Ла-Рошель приобрела еще большее значение, когда пали другие города кальвинистов, и была очагом раздоров и честолюбия. Притом гавань ее оставалась единственным прибрежным местом, через которое англичане имели свободный доступ во Францию и, заперев его для Англии, нашей вечной неприятельницы, кардинал довершил бы дело Иоанны д’Арк и герцога де Гиза.
Бассомпьер был в одно время и протестантом по убеждению, католиком по званию командора Ордена Св. Духа; немец по рождению и француз по сердцу. Он был начальником отдельного отряда при осаде Ла-Рошели, и говорил в присутствии многих других протестантских вельмож:
– Вы увидите, господа, что мы будем так глупы, что возьмем Ла-Рошель.
И Бассомпьер был прав: во время канонады острова Ре предвидел атаку Севенн; взятие Ла-Рошели было предисловием Нантского эдикта.
Но мы сказали, что вместе с обширными видами министра, принадлежащими истории, летописец обязан изложить и мелкие виды влюбленного человека и ревнивого соперника.
Ришелье, как всем известно, был влюблен в королеву; была ли эта любовь просто политическим расчетом или одною из тех глубоких страстей, какие Анна Австрийская внушала всем окружавшим ее, положительно неизвестно; но, во всяком случае, из предшедших событий этой истории видно, что Бокингем одержал над ним верх и в двух или трех случаях; особенно в деле о бриллиантовых наконечниках, жестоко одурачил его, благодаря преданности трех мушкетеров и храбрости д’Артаньяна.
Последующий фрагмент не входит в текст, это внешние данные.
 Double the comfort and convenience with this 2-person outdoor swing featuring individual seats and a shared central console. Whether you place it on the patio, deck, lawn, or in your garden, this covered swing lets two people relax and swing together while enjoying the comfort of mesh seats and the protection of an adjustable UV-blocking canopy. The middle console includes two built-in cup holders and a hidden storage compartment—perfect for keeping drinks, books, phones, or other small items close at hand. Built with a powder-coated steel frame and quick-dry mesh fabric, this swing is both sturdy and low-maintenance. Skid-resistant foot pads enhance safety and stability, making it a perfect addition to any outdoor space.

Ришелье хотелось не только освободить Францию от неприятеля, но и отомстить сопернику. Он желал отомстить блистательно и вполне достойно человека, державшего в своих руках силы целого королевства.
Ришелье знал, что сражаясь с Англией, он сражался с Бокингемом, что торжествуя над Англией, он торжествовал над Бокингемом, наконец, что унижая Англию в глазах Европы, он унижал Бокингема в глазах королевы.
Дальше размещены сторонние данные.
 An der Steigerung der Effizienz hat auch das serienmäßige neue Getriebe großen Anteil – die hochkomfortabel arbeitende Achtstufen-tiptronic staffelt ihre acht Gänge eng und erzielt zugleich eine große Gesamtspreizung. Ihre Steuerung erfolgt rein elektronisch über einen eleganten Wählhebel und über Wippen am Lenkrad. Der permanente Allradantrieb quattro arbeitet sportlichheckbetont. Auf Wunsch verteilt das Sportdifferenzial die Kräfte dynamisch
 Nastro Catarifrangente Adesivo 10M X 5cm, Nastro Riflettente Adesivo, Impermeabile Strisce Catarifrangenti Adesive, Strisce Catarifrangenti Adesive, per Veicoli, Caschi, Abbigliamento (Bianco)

Бокингем, со своей стороны, ставя выше всего честь Англии, был руководим совершенно одинаковыми с кардиналом интересами; Бокингем также искал частного мщения; он ни под каким предлогом не мог возвратиться во Францию как посланник, и потому хотел войти туда победителем.
Из этого следует, что настоящая ставка партии, которую разыгрывали два могущественных королевства для прихоти двух влюбленных, была благосклонность Анны Австрийской.
Первые успехи были на стороне Бокингема; подошедши неожиданно к острову Ре с 90 кораблями и 20-ю тысячами войска, он напал врасплох на графа де Туорака, начальствовавшего над этим островом и после кровопролитного сражения, сделал высадку.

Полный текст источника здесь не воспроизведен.